Caffeinated and fortified we set off north toward Penola. We knew of it from the story of Mary MacKillop as the site where the Sisters of St Joseph originated but we were expecting to learn more details of her story. Majella had found some information about what there might be to see but our plan was to visit the tourist information centre for details of where to go in Penola.

As we drove down the main street in Penola we spotted a sign indicating the information centre was 300 m ahead. Soon after we spotted a parking area and walked from there to the John Riddoch Centre which had information about local attractions, including wineries and Mary MacKillop history.

It also had a local history display and art works collected by an acquisitive competition. Other names highlighted in the exhibition included poets Adam Lindsay Gordon, who served as a police officer at Penola, and John Shaw Neilson, who was born in Penola. The art prize was named for him. Majella and I recalled his name and that we had both learned at least one of his poems but could not recall it until I searched and found To a Blue Flower. By the time we left we had spent considerably more time than we expected and had learned much more about Penola.

DSC_9322Armed with information about where to go we walked to the nearby Mary MacKillop Centre. Ten of us made enough to qualify for the group discount. The purpose-built centre building has two major sections devoted to telling the overlapping and separate stories of Mary MacKillop and Father Julian Tenison Woods. It took us more than an hour to work our way through those displays, visit the church with its shrine to Mary, and inspect the first school built for Mary on the site.

DSC_9337Before moving on in search of lunch we walked up Petticoat Lane to look at the cottages preserved and maintained by the National Trust. The two cottages where the Sharams raised 15 children were open and we were able to walk through those and imagine how life might have been. Mrs Sharam lived in the cottage until she died, aged 77, in 1910.

Our plan had been to have lunch at a winery. We had already confirmed that Majella Winery did not have food but we were considering others as we walked back toward the car. Along the way we rounded the corner where Haywards’ Royal Oak Hotel stands and saw their lunch specials board. Recalling that Mary MacKillop had stayed once in a local hotel and thinking this was it we decided that was good enough for us and ate lunch there. The dining room was very stylish and the food was good.

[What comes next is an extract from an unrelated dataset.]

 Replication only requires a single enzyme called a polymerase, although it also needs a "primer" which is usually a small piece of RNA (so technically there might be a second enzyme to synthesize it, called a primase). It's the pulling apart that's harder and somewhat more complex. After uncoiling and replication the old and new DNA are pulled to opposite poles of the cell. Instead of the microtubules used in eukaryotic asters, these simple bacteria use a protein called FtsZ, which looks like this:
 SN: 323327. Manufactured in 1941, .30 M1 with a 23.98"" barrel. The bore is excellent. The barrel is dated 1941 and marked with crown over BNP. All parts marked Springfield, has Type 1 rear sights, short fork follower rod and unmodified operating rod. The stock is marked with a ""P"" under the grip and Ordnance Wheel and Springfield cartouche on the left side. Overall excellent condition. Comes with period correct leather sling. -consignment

DSC_9341After lunch we headed north out of town to find Majella Winery. I had seen it mentioned in a newspaper sometime in 2002 or 2003. Naturally the name caught my eye and we acquired a bottle of Majella red which we enjoyed. Since then we have enjoyed occasional gifts of Majella wine from friends and have bought various styles ourselves. It has all been very enjoyable. They were another of the wineries that generously supported the Cri du Chat group fundraiser that Majella and Hannah ran in 2015. Thus there were many reasons to visit and those of us who tasted enjoyed the range of reds up to The Malleea. Jim bought a couple of bottles from the group fund to enjoy along the way and I sent a case of The Musician home.

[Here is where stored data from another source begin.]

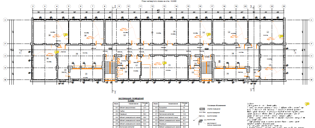 Высота 4-х этажной части, м: 14,5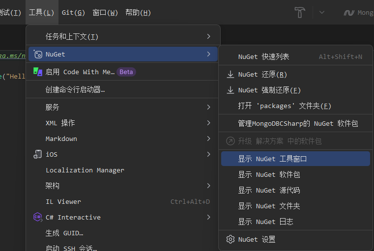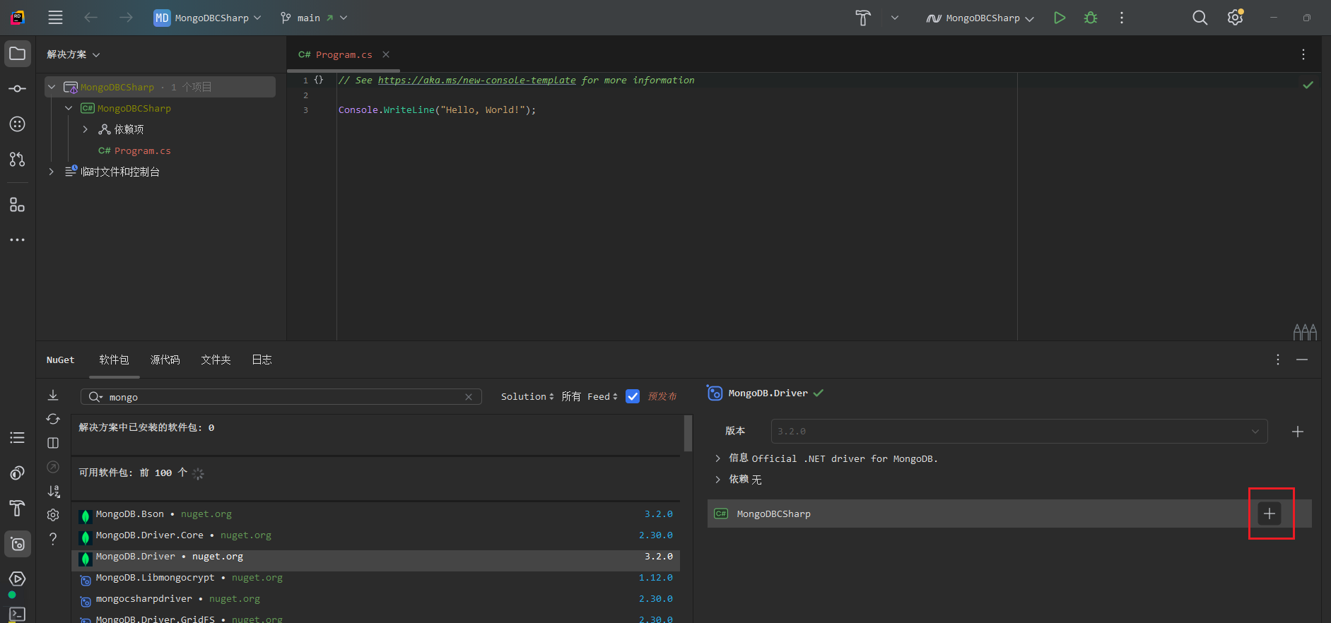 在项目中通过 NuGet 安装 MongoDB 的官方 .NET 驱动程序: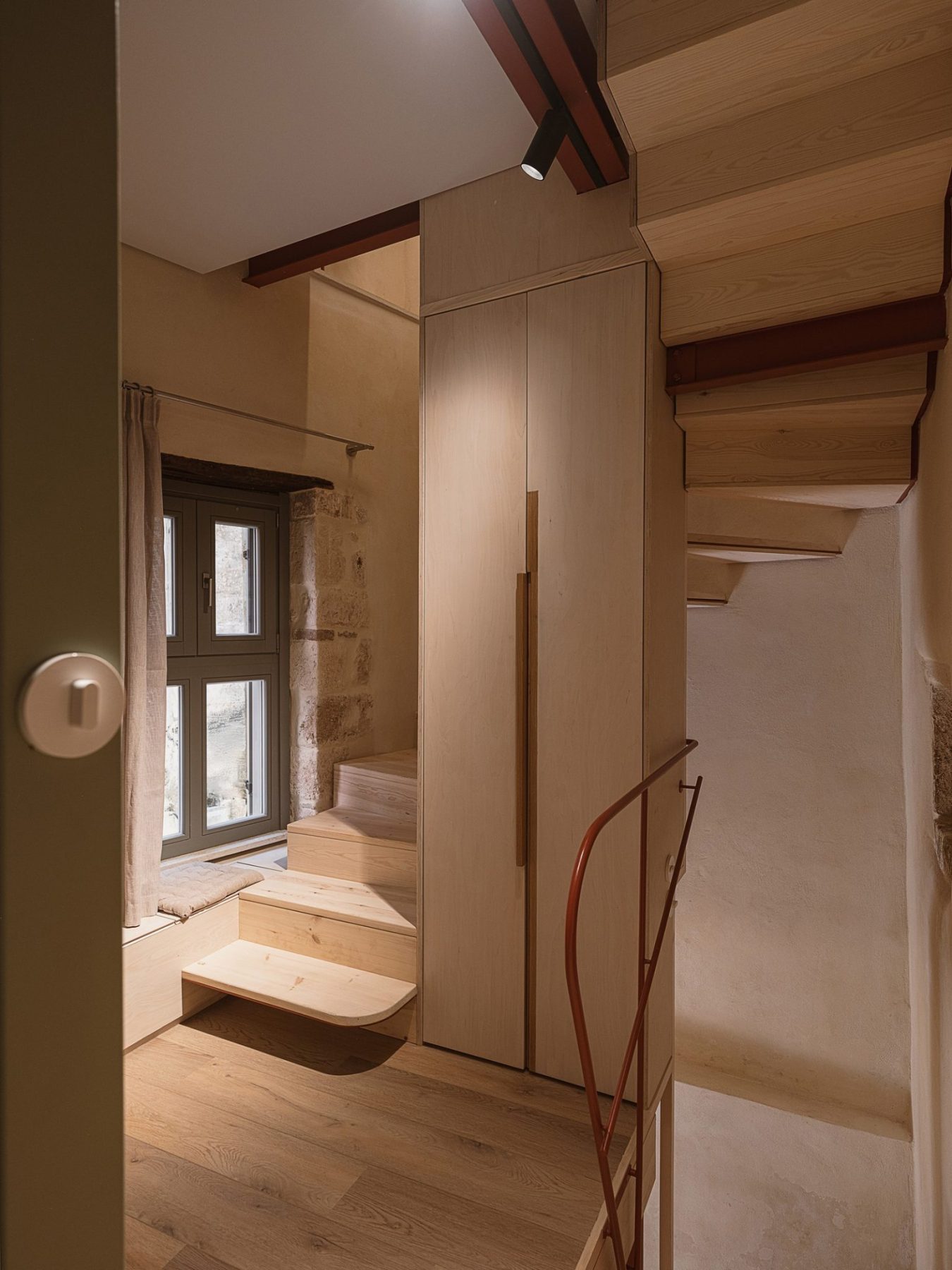 This 35.00 m² renovation of a three-storey Venetian building in the Old Town of Chania reimagines domestic comfort within an exceptionally constrained interior. The design strategy minimizes intervention in the existing shell, carefully preserving the original wooden mezzanine floors and roof structure, while introducing new living spaces that balance spatial efficiency with material continuity.

DSC_9343Majella had originally thought we might visit the caves at Naracoorte on our way to Bordertown but we had spent more time than expected in Penola and the cool grey weather made caves seem uninviting. We drove straight through to Bordertown. On the way in we deviated to the wildlife park to look through the fence at the white kangaroos. Then it was on to our motel, 105 on the Park, where the rooms are large and comfortable.

There was a quick trip to the supermarket for essential supplies. We had all eaten a substantial lunch so dinner was a simple matter of sandwiches for those who wanted them. Then we settled into our rooms for a restful evening. Tomorrow we head further north to the Riverland.